Больше того (и это самое главное), жертвой Интернета стали интернет-издания. Информация дезагрегирована, дезинтегрирована, бессистемно рассыпана, ее источник теряется. Состоялась и смерть автора. Люди говорят: «Прочел в Интернете», «Пишут в Интернете». А в каком Интернете, на каком
Тем не менее рефлекс утреннего чтения кипы бумаг, пахнущей типографской краской, оказался неубиваемым (во всяком случае, к западу и особенно к востоку от России). «Проснуться, выпить кофе и не закурить? Тогда и просыпаться незачем», – говорил Иосиф Бродский. К этому высказыванию среднестатистический европеец, американец, не говоря уже об азиате, добавил бы: «И не раскрыть газеты?» Артур Миллер называл ежедневку «разговором нации с собой». Правда, он предварял слово «газета» эпитетом «хорошая». Вот за право называться «хорошей» и тем самым отвоевывать свое место под солнцем и развернули свою борьбу газетчики.
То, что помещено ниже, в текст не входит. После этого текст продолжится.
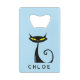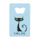 Dieses personalisierte Design der Kreditkartenflasche zeichnet sich durch ein Retro-Design der Mitte des Jahrhunderts modernen "atomaren" schwarzen Katze mit großen gelben Augen und einem lockigen Schwanz aus. Sie können die Rechtschreibung, den Stil, die Farbe und die Größe des Schriftartes mit der Schaltfläche Zazzle Personalize leicht ändern.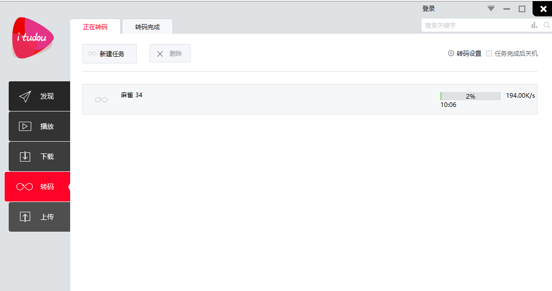 打开itudou播放器,选择一个已经下载好的视频,点击【转码】(如下图)。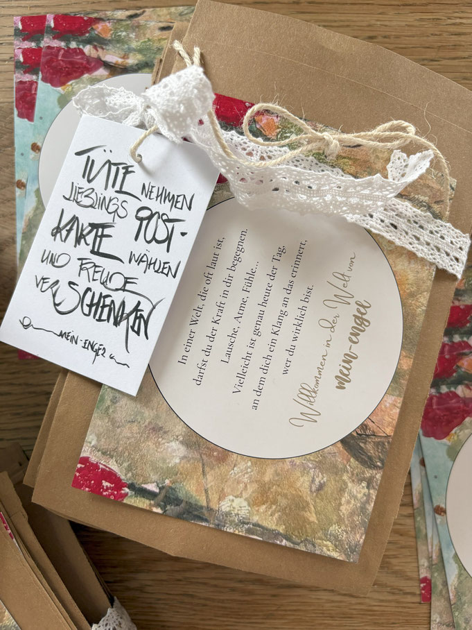 Damit die Karten geschützt sind und das Gesamtbild einheitlich bleibt - wir schenken die Karten verkaufsfertig im liebevollen mein-engel-look!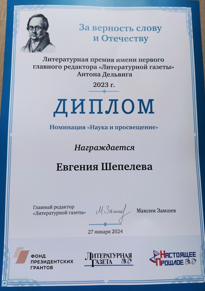 26-27 января 2024 г. в г. Москва состоялись итоговые мероприятия проекта «Настоящее Прошлое» (спецпроект «Литературной газеты»), в которых приняла участие доцент кафедры «Иностранные языки» Е.В. Шепелева Ежегодная Премия имени первого главного редактора «Литературной газеты» Антона Дельвига «За верность слову и Отечеству», учрежденная «Литературной газетой», вручается литераторам, историкам и просветителям, авторам лучших произведений, пишущим на русском языке. Премия присуждается в двух главных номинациях «Художественное слово» и «Наука и просвещение». Статья Е.В. Шепелевой, написанная совместно со студентом ПГУ гр. 22ФХ А.С. Растрёпиным «Влияние заимствований из западноевропейских языков на развитие русского языка в восемнадцатом веке» вошла в короткий список Премии им. А. Дельвига «За верность слову и Отечеству» 2023. Е.В. Шепелева и А.С. Растрёпин были награждены Дипломами в номинации «Наука и просвещение» (Исследование).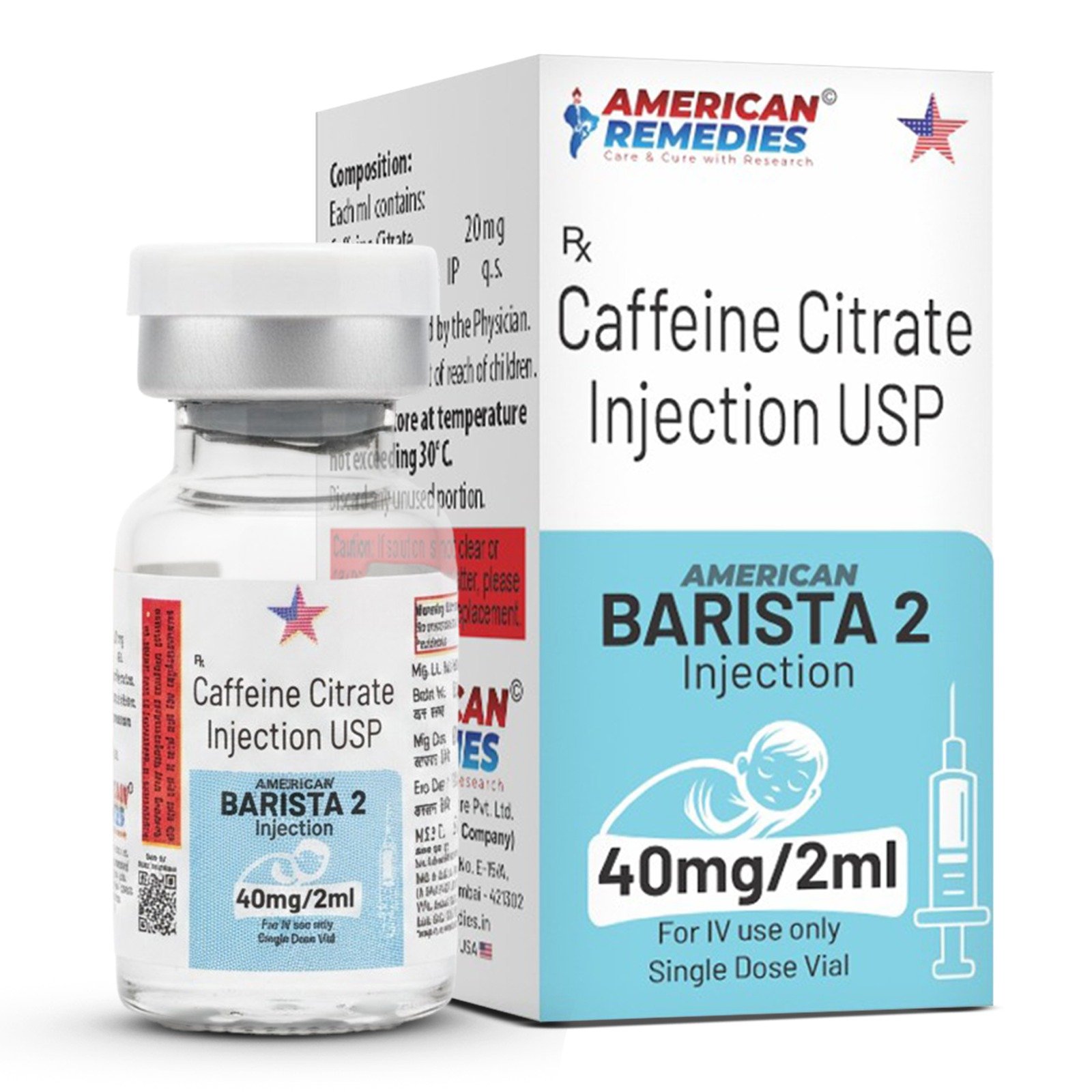 Barista 2 Caffeine Citrate Injection USP 40mg/2ml is a prescription medication used for the short-term treatment of apnea of prematurity in infants.

Впрочем, опять же надо разделять газетчиков «там» и газетчиков «здесь». В мире «чистогана» газета (даже в период кризиса бумажных СМИ) остается не просто объектом традиционной материальной культуры, но и нематериальной ценностью, которая формирует мир.
Возможно, «Усть-Урюпинский рабочий» не формирует даже мир Усть-Урюпинска, но в случае с мировыми или национальными газетными брендами это не так. У нас газеты могут служить площадкой для сливов, заказухи, информационных войн разного масштаба, покупаться и продаваться по указаниям из скромных кабинетов на Старой площади, удивительным образом сочетать в себе непристойную или просто глупейшую «желтизну» с соблюдением всех канонов генеральной линии только по одной причине: они – электоральный ресурс, оружие в манипулировании массовым сознанием, но только не источник ценностей. Далеко не все русские газеты формируют ценности всего общества. А «Уолл-стрит джорнэл» и «Нью-Йорк таймс» – формируют их, ретранслируют, хранят.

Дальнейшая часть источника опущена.